Exercise objective
For every record below, repeat the text exactly and pass over any image.
- Opening Delimiter -
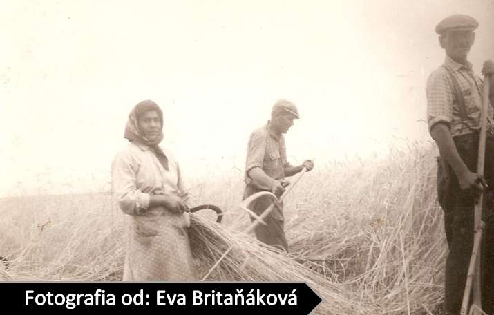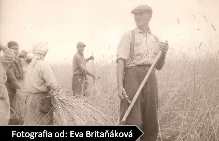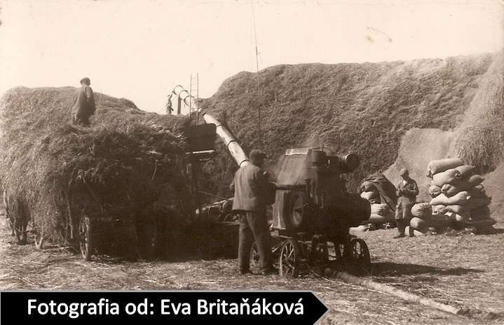 Mláťačka obilia, obsluhuje ju Jozef Britaňák
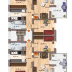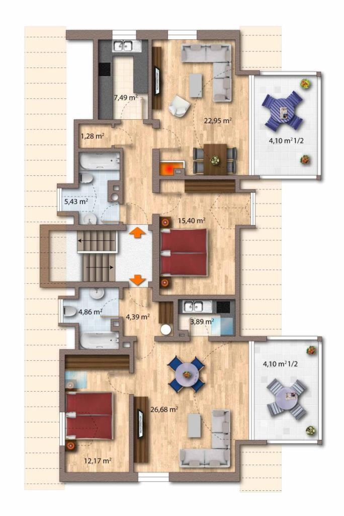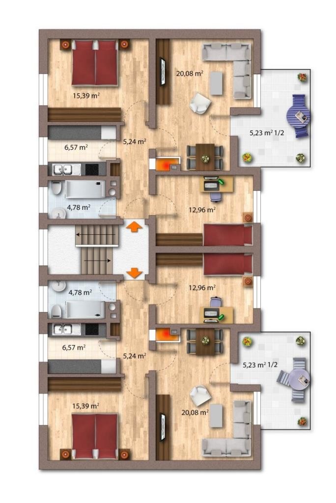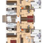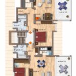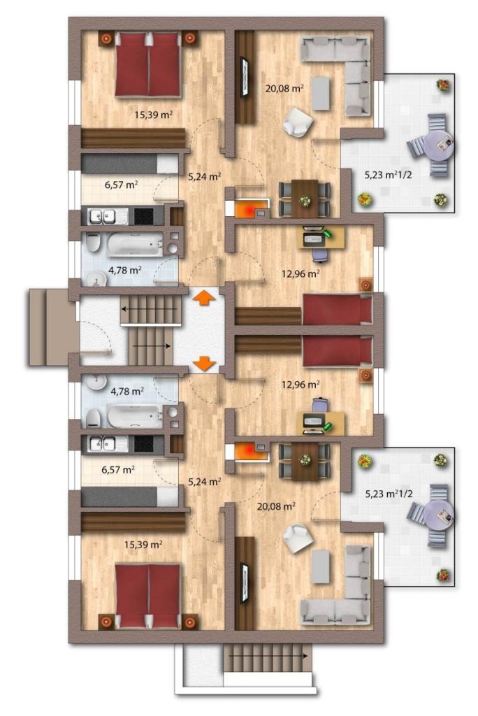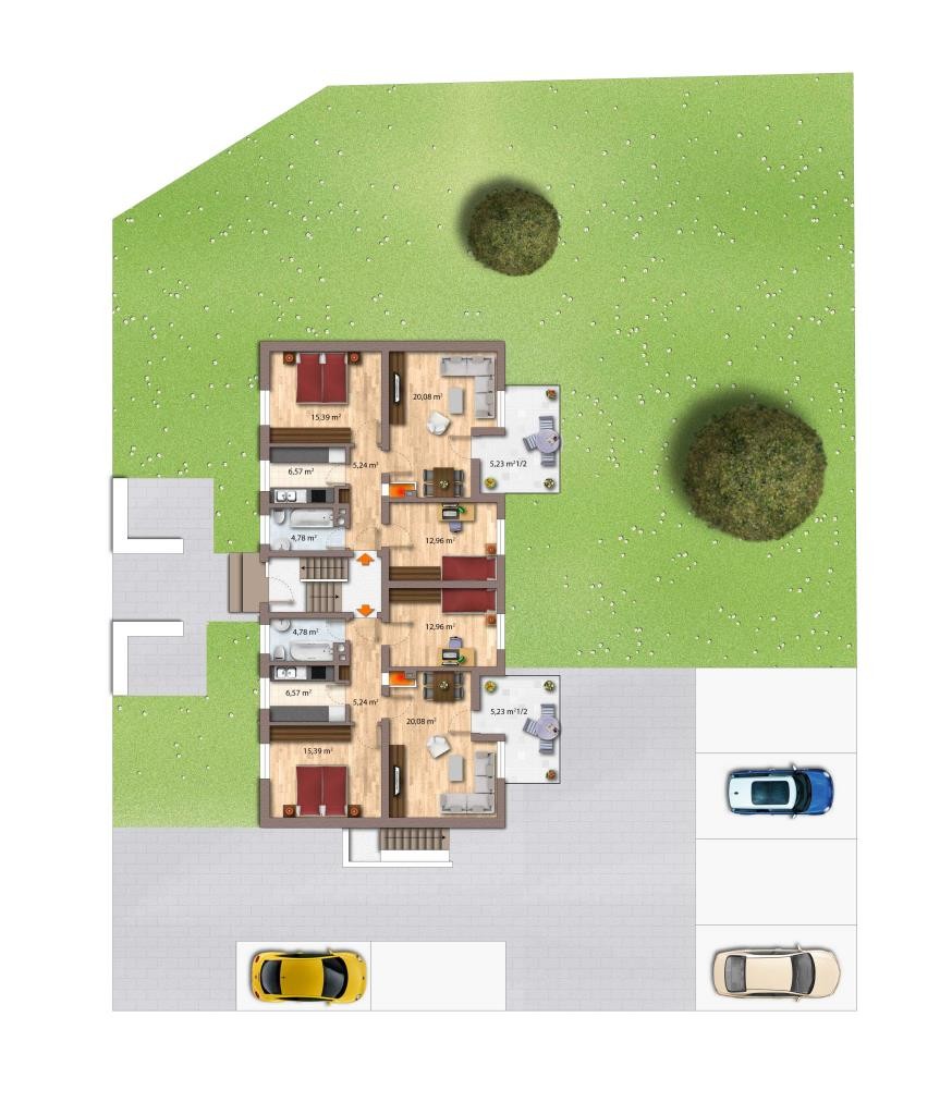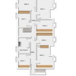 Die Grundrisse der einzelnen Wohnungen können den nachfolgenden Abbildungen entnommen werden. Zudem ist jeder Wohnung ein Kellerraum sowie eine Garage bzw. ein Außenstellplatz zugeteilt. Das Haus verfügt außerdem über einen Fahrrad-Raum sowie einen Wasch-/Trockenraum, in welchem jede Einheit seine eigene Waschmaschine anschließen kann.
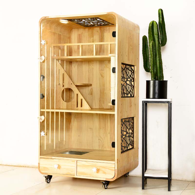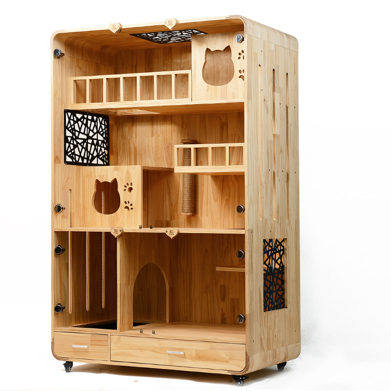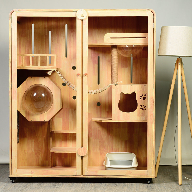 Кошачья вилла с твердым деревом кошачьей шкаф дома закрыто двух -слоя кошачьи клетки с двойным слоем минимализированные ловцы на заказ свободного пространства
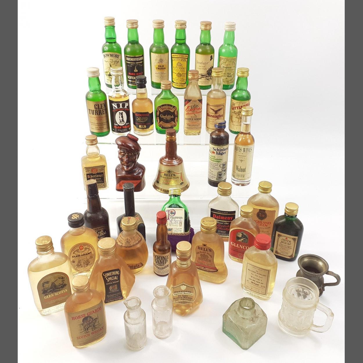 A mixed collection of whisky miniatures Glen Scotia, Horseguards, Eaton's, Glen Foyle, Cutty Sark, Akuavit Schnapps, Highway Queen, Glen Grant, Auchentoshan, Strathayr, and many, many more
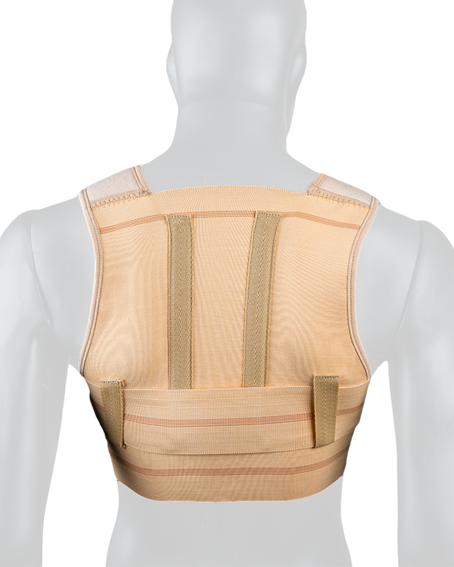 • قرار گرفتن ناحیه کتف در وضعیت آناتومیکی صحیح به وسیله بندهای شانه ای و 2 آتل در قسمت پشتی
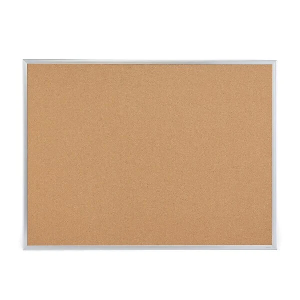 Share important information with this standard cork bulletin board. The generous surface area of this corkboard lets you post large pictures, posters and other items for easy viewing. Featuring a cork surface, this bulletin board securely holds thumbtacks or pushpins and naturally closes over pinholes when items are removed. The factory-installed mounting system lets you easily hang this cork bulletin for immediate use, and the silver aluminum frame adds a finishing touch.
- Closing Delimiter -
Response to the task
 Mláťačka obilia, obsluhuje ju Jozef Britaňák
 Die Grundrisse der einzelnen Wohnungen können den nachfolgenden Abbildungen entnommen werden. Zudem ist jeder Wohnung ein Kellerraum sowie eine Garage bzw. ein Außenstellplatz zugeteilt. Das Haus verfügt außerdem über einen Fahrrad-Raum sowie einen Wasch-/Trockenraum, in welchem jede Einheit seine eigene Waschmaschine anschließen kann.
 Кошачья вилла с твердым деревом кошачьей шкаф дома закрыто двух -слоя кошачьи клетки с двойным слоем минимализированные ловцы на заказ свободного пространства
 A mixed collection of whisky miniatures Glen Scotia, Horseguards, Eaton's, Glen Foyle, Cutty Sark, Akuavit Schnapps, Highway Queen, Glen Grant, Auchentoshan, Strathayr, and many, many more
 • قرار گرفتن ناحیه کتف در وضعیت آناتومیکی صحیح به وسیله بندهای شانه ای و 2 آتل در قسمت پشتی
 Share important information with this standard cork bulletin board. The generous surface area of this corkboard lets you post large pictures, posters and other items for easy viewing. Featuring a cork surface, this bulletin board securely holds thumbtacks or pushpins and naturally closes over pinholes when items are removed. The factory-installed mounting system lets you easily hang this cork bulletin for immediate use, and the silver aluminum frame adds a finishing touch.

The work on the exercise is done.